I also recorded some text spoken by my daughter. She spoke into a handheld digital voice recorder, that I use for interviews. The audition was pulled into Audacity over an audio cable between the recorder and my HP/Linux notebook. After a little editing for dead spots, I saved the file in .wav format.
Recognition wasn't very good for my daughter's brief recitation of a page from a story book. I'd be surprised if it topped 5%. On balance, we should keep a few things in mind.

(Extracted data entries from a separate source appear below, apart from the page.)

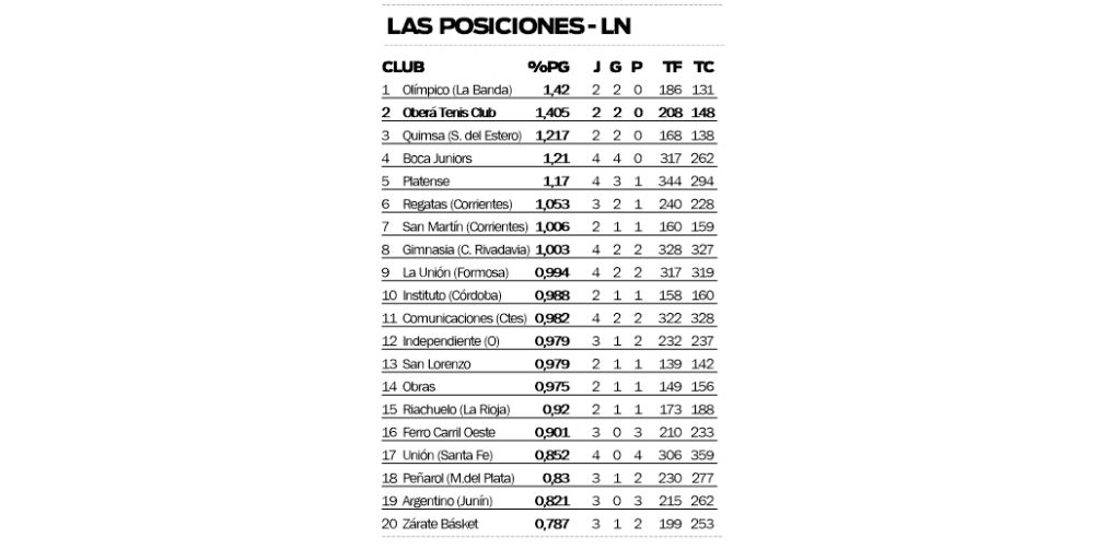 Gracias a estos resultados, el Celeste se ubica en el segundo lugar, detrás de Olímpico de La Banda, que tiene mejor cociente. Y está por delante del último campeón Quimsa de Santiago del Estero.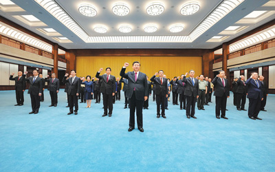 6月18日,党和国家领导人习近平、李克强、栗战书、汪洋、王沪宁、赵乐际、韩正、王岐山等在中国共产党历史展览馆参观“‘不忘初心、牢记使命’中国共产党历史展览”。新华社记者 鞠 鹏摄 6月18日,党和国家领导人习...
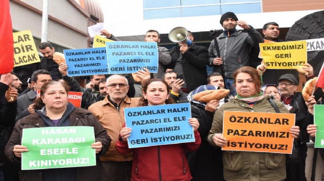 Ellerinde taşıdıkları ekmeklerle eyleme katılan yaklaşık 60 pazarcı adına basın açıklaması yapan Faysal Acar, "Bayraklı Belediyesi sınırları içinde 34 yıllık geçmişi olan Özkanlar pazar yeri, mahkeme kararı bahane edilerek, encümen kararıyla kapatılmıştır. Sorunun çözümü için 6 yıllık zaman dilimi olmasına rağmen hiçbir çözüm üretilmemiştir. Başka bir pazar yeri göstermeksizin, kapatılmıştır. Belediye, sorunu çözmek yerine esnafını ve semt halkını da mağdur etmiştir. Esnafın ekmeğini elinden almıştır. Esnafımız, vergi mükellefi olduğundan giderlerini karşılayamaz durumdadır. Geçim sıkıntısına düşmüştür. Belediye başkanının oturduğu makam, çözüm üretme makamıdır. Sorunun bir an önce çözülmesini ve ekmeğimizin geri verilmesini istiyoruz" dedi.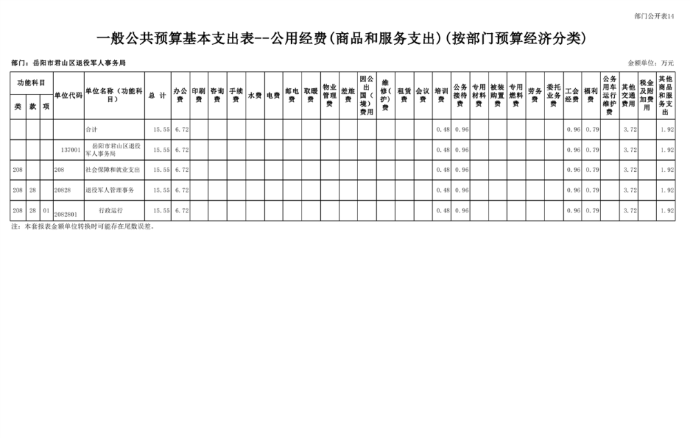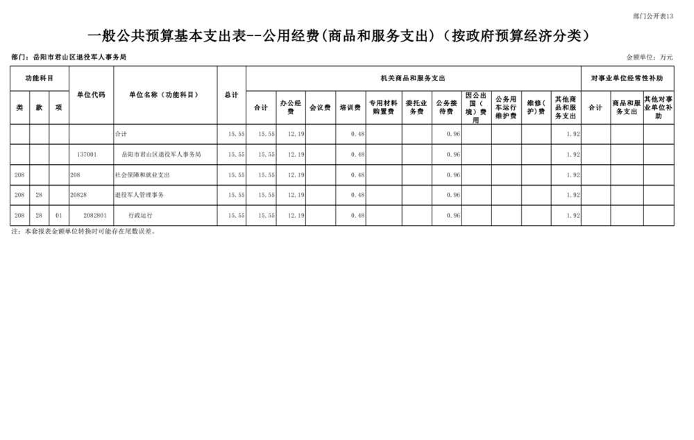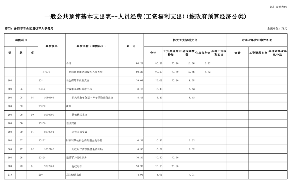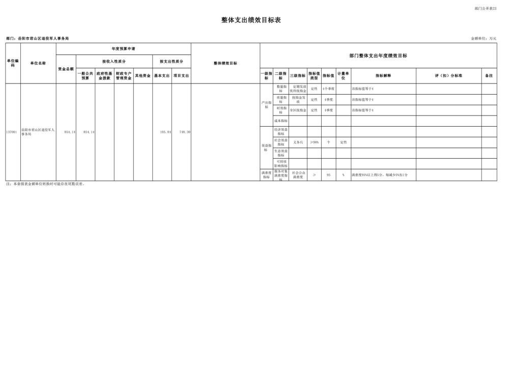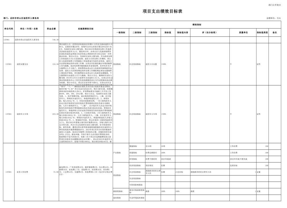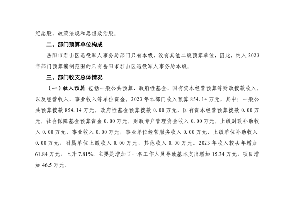 2023年岳阳市君山区退役军人事务局(本级)部门预算公开说明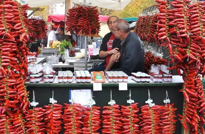 这个周末节日的特别亮点包括周日对胡椒丰收的祝福以及由 Confrérie du Piment d'Espelette 提供的服务。
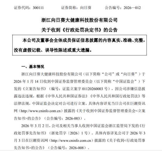2026年4月8日晚,浙江向日葵大健康科技股份有限公司(下称:向日葵,300111.SZ)公告因重大资产重组预案存在误导性陈述,公司及相关当事人被中国证监会浙江监管局合计罚款510万元。这一事件并非孤立的合规失误,其背后是公司在主业增长乏力、转型屡屡受挫的背景下,试图通过“蹭热点”来粉饰业绩、维系估值的深层博弈。公告发出后,向日葵股价下跌,截止4月9日收盘,向日葵股价下跌4.6%。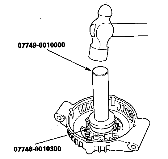 12. With a hammer, driver, and attachment, install a new front bearing in the drive end housing.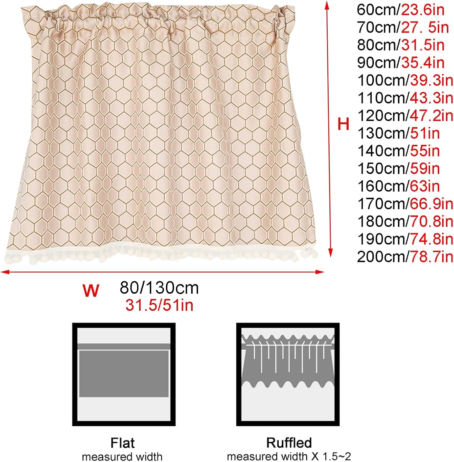 ◈ The pink polygonal lattice half curtain, full of romantic mood, adds a subtle texture to any room. Add a pop of color to your kitchen, living room or dining room.◈ Elegant and stylish, short curtains are the most user-friendly decorative hanging option for those who want to block out the sun, take a nap or keep the sun away from the TV.◈ Main features▸ Selected high-quality fabrics, delicate workmanship, durable▸ Thick fabric, good shading effect▸ Protect your privacy▸ Cabinets, windows, cabinets, interior doors can be used▸ Rod Pocket Design, easy for Install▸ Hand washable, machine washable in laundry bag◈ Specifications▸ Product Name: Plaid lace Short Half Curtain▸ Style: Modern fresh country style▸ Color: Pink▸ Material: Blended fabric▸ Process: high precision jacquard▸ Function: Decoration, Blackout▸ Size: WidthxHeight. W80xH60cm/53.5x23.6in, W130xH60cm/51x23.6in, W130xH70cm/51x27.5in, W130xH80cm/51x31.5in, W130xH90cm/51x35.4in, W130xH100cm/51x39.3in, W130xH110cm/51x43.3in, W130xH120cm/51x47.2in, W130xH130cm/51x51in, W130xH140cm/51x55in, W130xH150cm/51x59in, W130xH160cm/51x63in, W130xH170cm/51x66.9in, W130xH180cm/51x70.8in, W130xH190cm/51x74.8in, W130xH200cm/51x78.7in▸ The package includes: 1 short curtain (not including the rod)◈ Care instructions ▸ Gently hand wash in lukewarm water or machine wash in a laundry bag, do not bleach. Do not scratch the curtains with sharp objects.◈ Tips▸ The size is measured by hand, there may be 1-3 cm error.▸ All pictures are taken in kind, but the color of the product you see in the pictures may be slightly different due to different shooting light, screen and monitor. Subject to the actual color.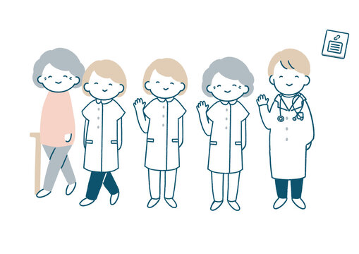 看護師と患者さんイラスト の Stock イラストAdobe Stock。
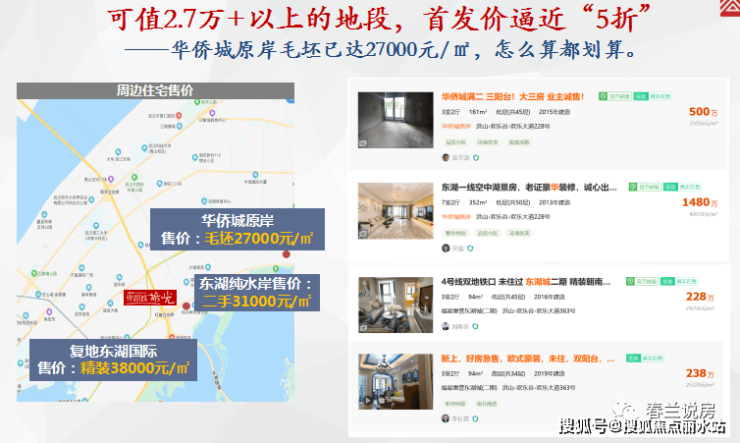 9、 逼近住宅5折价:华侨城原岸毛坯27000元/㎡,周边二手房均价超31000元/㎡,项目首发价逼近周边住宅价5折,怎么算都划算。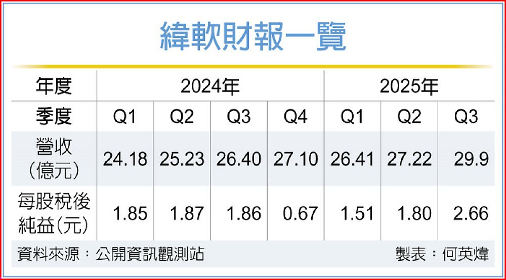 緯軟第三季合併營收29.9億元,季增10%,年增14%,毛利率18.3%;營業利益2.24億元,年增逾五成,營益率回升至7.5%,稅後純益1.94億元,每股稅後純益2.66元,創成立以來新高。
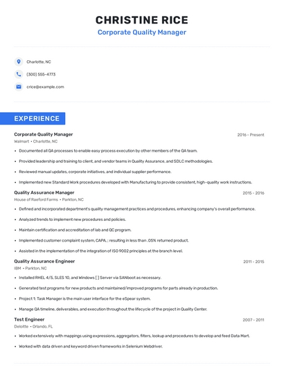 Build a professional corporate quality manager resume in minutes. Browse through our resume examples to identify the best way to word your resume. Then choose from 5+ resume templates to create your corporate quality manager resume.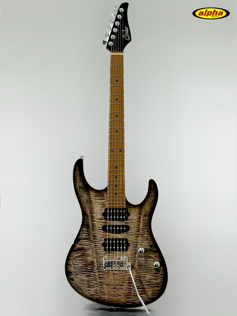 The Modern Plus features a roasted maple neck with pau ferro or maple fingerboard. The Modern Plus retains many of the original specifications of the Modern Pro including the sleek elliptical neck profile, balanced asymmetrical body, innovative neck heel and stunning flame maple top. Proprietary Suhr locking tuners and 2-Post tremolo provides superior tuning stability.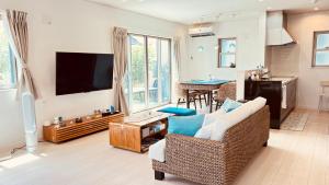Featuring a private entrance, this air-conditioned villa consists of a kitchen, 3 bedrooms and 1 bathroom with a bath and a bidet. Guests can make meals in the kitchen that is equipped with a stovetop, a refrigerator, a dishwasher and a microwave. The villa provides a washing machine, tatami, a tea and coffee maker, a flat-screen TV, as well as garden views. The unit offers 3 beds and 2 futons.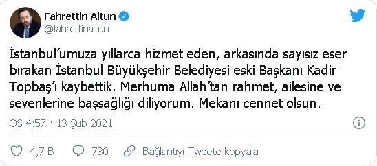 Fahrettin Altun: İstanbul'umuza yıllarca hizmet eden, arkasında sayısız eser bırakan İstanbul Büyükşehir Belediyesi eski Başkanı Kadir Topbaş'ı kaybettik. Merhuma Allah'tan rahmet, ailesine ve sevenlerine başsağlığı diliyorum. Mekanı cennet olsun.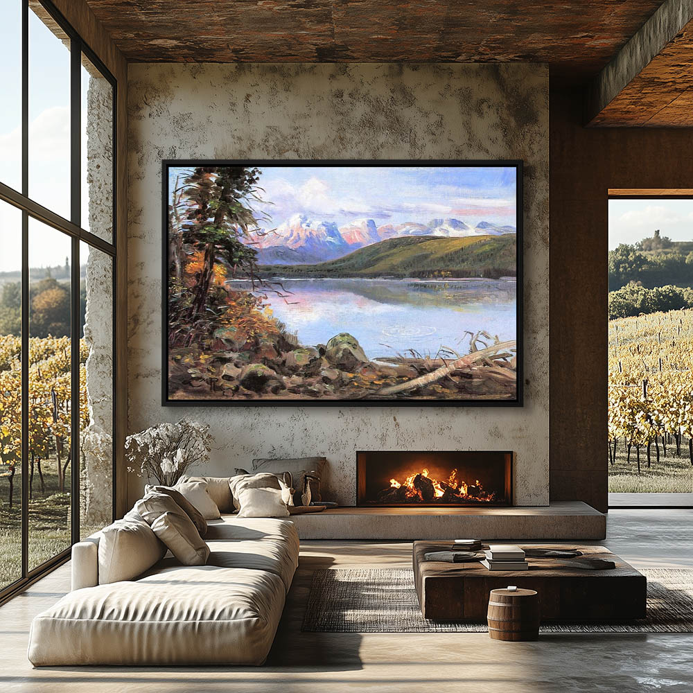 Landscape view across a lake to the rolling hills and mountains on the far side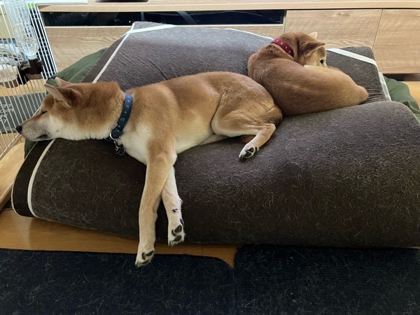 みるくも暖まったのか、お布団へ やって来まして お尻と背中をくっ付けて、お昼寝タイムでございました💤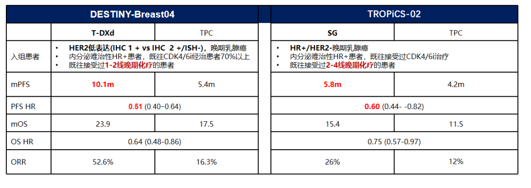 DB-04、TROPiCS-02两项研究都取得了有“统计学意义”的PFS和OS改善,但后者的延长幅度以及HR降低程度均较小,能否达到有“临床意义”的生存改善仍有待在实践中确认。“统计学意义”在于客观数据呈现的统计学改善趋势,“临床意义”则需通过观察实际治疗效果(包括HR和置信区间等)来判断。

- She has a soft, higher pitched voice.
- There were frequent stops and starts, while reading a sentence.
- Kids don't always read smoothly.
- And, kids definitely don't enunciate consistently.
I had pretty good results when I paid careful attention to speaking clearly and deliberately. I'm sure there are ways to optimise the software, for a higher kid-speech recognition level.